(Assignment): In the entries below, find the line with "okna: dřevěná špaletová" and the line with "Garden of Life". Reproduce those two lines and every line between them exactly, and nothing more.

(Records to use):
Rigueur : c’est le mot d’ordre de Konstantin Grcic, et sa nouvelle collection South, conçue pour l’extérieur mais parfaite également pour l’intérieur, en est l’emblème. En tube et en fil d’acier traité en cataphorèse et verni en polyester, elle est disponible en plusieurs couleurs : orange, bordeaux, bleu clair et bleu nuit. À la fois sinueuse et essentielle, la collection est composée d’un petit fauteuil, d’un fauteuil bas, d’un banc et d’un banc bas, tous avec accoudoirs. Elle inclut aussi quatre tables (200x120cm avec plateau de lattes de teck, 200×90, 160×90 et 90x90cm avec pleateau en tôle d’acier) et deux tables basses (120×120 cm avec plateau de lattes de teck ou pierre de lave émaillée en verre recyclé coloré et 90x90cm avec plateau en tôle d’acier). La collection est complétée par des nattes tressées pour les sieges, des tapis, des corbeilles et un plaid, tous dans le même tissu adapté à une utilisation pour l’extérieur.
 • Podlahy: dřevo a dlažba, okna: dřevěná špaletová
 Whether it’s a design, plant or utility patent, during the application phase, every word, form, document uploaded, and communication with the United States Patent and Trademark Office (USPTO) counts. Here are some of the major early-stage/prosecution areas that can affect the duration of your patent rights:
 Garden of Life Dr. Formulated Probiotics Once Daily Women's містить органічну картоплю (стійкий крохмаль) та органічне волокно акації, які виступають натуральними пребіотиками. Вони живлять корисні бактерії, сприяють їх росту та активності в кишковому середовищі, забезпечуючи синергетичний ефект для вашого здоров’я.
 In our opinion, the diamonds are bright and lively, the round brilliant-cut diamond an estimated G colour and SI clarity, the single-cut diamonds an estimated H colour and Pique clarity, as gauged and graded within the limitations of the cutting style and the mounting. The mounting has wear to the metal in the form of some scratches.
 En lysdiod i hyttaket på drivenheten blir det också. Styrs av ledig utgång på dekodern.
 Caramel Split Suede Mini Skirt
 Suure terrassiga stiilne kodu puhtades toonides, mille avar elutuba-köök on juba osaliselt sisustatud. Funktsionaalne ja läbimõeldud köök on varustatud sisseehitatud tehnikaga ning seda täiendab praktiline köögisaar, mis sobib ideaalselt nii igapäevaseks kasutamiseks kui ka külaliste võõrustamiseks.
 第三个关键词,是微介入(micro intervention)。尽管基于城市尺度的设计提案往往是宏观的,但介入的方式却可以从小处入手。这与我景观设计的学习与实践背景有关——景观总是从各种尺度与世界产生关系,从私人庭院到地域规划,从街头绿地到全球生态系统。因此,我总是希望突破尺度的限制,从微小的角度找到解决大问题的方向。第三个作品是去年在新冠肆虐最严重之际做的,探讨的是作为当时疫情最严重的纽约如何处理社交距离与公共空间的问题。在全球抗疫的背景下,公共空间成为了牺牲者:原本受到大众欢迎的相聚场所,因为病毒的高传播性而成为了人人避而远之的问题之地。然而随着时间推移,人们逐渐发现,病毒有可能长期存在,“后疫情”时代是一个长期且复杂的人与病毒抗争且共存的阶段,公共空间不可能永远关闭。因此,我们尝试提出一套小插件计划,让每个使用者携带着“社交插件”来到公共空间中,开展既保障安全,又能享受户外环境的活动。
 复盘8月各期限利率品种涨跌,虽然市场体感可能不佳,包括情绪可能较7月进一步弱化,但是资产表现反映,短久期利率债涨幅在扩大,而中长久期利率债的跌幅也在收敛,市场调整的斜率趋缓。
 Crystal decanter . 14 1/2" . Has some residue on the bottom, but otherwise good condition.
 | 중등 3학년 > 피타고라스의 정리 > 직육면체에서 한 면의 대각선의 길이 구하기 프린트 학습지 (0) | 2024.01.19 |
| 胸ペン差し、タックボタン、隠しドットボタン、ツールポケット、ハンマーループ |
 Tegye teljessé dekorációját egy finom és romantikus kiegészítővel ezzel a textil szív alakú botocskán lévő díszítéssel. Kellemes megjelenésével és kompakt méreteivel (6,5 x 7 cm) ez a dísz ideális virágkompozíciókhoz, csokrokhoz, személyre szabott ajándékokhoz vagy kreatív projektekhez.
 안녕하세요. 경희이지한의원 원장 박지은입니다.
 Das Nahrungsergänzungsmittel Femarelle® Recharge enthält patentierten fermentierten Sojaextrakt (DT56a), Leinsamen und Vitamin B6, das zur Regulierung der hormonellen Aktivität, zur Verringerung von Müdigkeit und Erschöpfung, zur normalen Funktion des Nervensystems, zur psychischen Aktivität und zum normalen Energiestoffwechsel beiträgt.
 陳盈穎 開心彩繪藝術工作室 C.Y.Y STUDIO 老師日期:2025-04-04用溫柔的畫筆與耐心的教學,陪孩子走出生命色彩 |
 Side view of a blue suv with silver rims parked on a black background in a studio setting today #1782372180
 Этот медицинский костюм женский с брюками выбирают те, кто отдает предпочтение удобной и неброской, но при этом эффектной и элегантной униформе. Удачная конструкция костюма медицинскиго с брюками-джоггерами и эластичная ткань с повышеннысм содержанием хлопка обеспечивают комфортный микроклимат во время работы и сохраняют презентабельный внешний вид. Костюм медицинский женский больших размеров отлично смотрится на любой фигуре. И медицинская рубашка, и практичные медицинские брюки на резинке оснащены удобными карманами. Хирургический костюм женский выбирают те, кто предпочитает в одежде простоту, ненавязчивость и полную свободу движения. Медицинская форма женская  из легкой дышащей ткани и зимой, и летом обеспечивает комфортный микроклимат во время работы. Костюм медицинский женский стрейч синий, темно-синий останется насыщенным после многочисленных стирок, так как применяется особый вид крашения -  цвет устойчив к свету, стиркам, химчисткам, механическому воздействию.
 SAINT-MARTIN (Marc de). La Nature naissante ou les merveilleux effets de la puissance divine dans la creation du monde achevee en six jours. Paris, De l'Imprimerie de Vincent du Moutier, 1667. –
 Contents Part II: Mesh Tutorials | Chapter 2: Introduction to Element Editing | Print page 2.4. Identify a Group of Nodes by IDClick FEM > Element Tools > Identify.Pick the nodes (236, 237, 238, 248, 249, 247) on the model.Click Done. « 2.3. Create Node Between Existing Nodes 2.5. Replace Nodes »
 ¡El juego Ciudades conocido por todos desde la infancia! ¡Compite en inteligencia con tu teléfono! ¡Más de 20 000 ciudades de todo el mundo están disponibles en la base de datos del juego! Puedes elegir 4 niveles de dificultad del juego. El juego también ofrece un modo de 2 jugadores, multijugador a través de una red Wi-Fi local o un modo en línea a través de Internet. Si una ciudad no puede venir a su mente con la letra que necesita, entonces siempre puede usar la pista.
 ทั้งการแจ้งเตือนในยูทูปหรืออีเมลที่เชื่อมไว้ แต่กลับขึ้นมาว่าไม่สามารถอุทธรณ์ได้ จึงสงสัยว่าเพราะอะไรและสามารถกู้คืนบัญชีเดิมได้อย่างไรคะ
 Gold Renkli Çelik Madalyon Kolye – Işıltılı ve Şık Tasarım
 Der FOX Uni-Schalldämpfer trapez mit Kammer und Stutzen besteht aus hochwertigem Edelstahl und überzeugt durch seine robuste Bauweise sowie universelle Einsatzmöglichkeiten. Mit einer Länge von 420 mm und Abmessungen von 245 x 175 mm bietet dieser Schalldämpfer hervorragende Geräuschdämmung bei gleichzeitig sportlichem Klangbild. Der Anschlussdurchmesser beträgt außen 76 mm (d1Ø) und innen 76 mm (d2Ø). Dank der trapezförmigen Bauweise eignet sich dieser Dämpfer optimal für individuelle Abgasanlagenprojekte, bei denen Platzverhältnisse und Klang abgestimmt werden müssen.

(Task response):
 • Podlahy: dřevo a dlažba, okna: dřevěná špaletová
 Whether it’s a design, plant or utility patent, during the application phase, every word, form, document uploaded, and communication with the United States Patent and Trademark Office (USPTO) counts. Here are some of the major early-stage/prosecution areas that can affect the duration of your patent rights:
 Garden of Life Dr. Formulated Probiotics Once Daily Women's містить органічну картоплю (стійкий крохмаль) та органічне волокно акації, які виступають натуральними пребіотиками. Вони живлять корисні бактерії, сприяють їх росту та активності в кишковому середовищі, забезпечуючи синергетичний ефект для вашого здоров’я.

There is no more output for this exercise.